*** Opening GIVEN RECORDS ***
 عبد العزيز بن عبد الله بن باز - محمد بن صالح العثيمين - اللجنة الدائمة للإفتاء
*** Closing GIVEN RECORDS ***
*** Opening GIVEN RECORDS ***
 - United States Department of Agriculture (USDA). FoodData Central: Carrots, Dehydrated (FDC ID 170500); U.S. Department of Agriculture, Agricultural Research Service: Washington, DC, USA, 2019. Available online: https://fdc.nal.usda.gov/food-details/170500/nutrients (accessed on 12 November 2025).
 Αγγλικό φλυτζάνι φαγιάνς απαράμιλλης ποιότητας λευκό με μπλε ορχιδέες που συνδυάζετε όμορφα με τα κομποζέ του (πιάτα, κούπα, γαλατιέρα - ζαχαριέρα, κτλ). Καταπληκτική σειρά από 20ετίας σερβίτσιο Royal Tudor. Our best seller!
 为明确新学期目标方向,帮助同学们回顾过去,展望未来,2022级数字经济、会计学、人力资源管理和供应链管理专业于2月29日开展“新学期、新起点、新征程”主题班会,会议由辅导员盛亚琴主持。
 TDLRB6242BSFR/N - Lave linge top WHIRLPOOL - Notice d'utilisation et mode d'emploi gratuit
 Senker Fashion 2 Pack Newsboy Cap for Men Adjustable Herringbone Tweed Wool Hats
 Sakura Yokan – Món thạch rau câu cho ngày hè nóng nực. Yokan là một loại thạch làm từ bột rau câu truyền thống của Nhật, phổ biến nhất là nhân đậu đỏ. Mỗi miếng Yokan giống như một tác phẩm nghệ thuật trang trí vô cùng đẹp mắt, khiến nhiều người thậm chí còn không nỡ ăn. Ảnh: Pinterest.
*** Closing GIVEN RECORDS ***
TASK PROMPT: Give back exactly the lines of the listing above that run from the line with "为明确新学期目标方向,帮助同" to the line with "Senker Fashion 2", inclusive.

ANSWER TO THIS EXERCISE:
 为明确新学期目标方向,帮助同学们回顾过去,展望未来,2022级数字经济、会计学、人力资源管理和供应链管理专业于2月29日开展“新学期、新起点、新征程”主题班会,会议由辅导员盛亚琴主持。
 TDLRB6242BSFR/N - Lave linge top WHIRLPOOL - Notice d'utilisation et mode d'emploi gratuit
 Senker Fashion 2 Pack Newsboy Cap for Men Adjustable Herringbone Tweed Wool Hats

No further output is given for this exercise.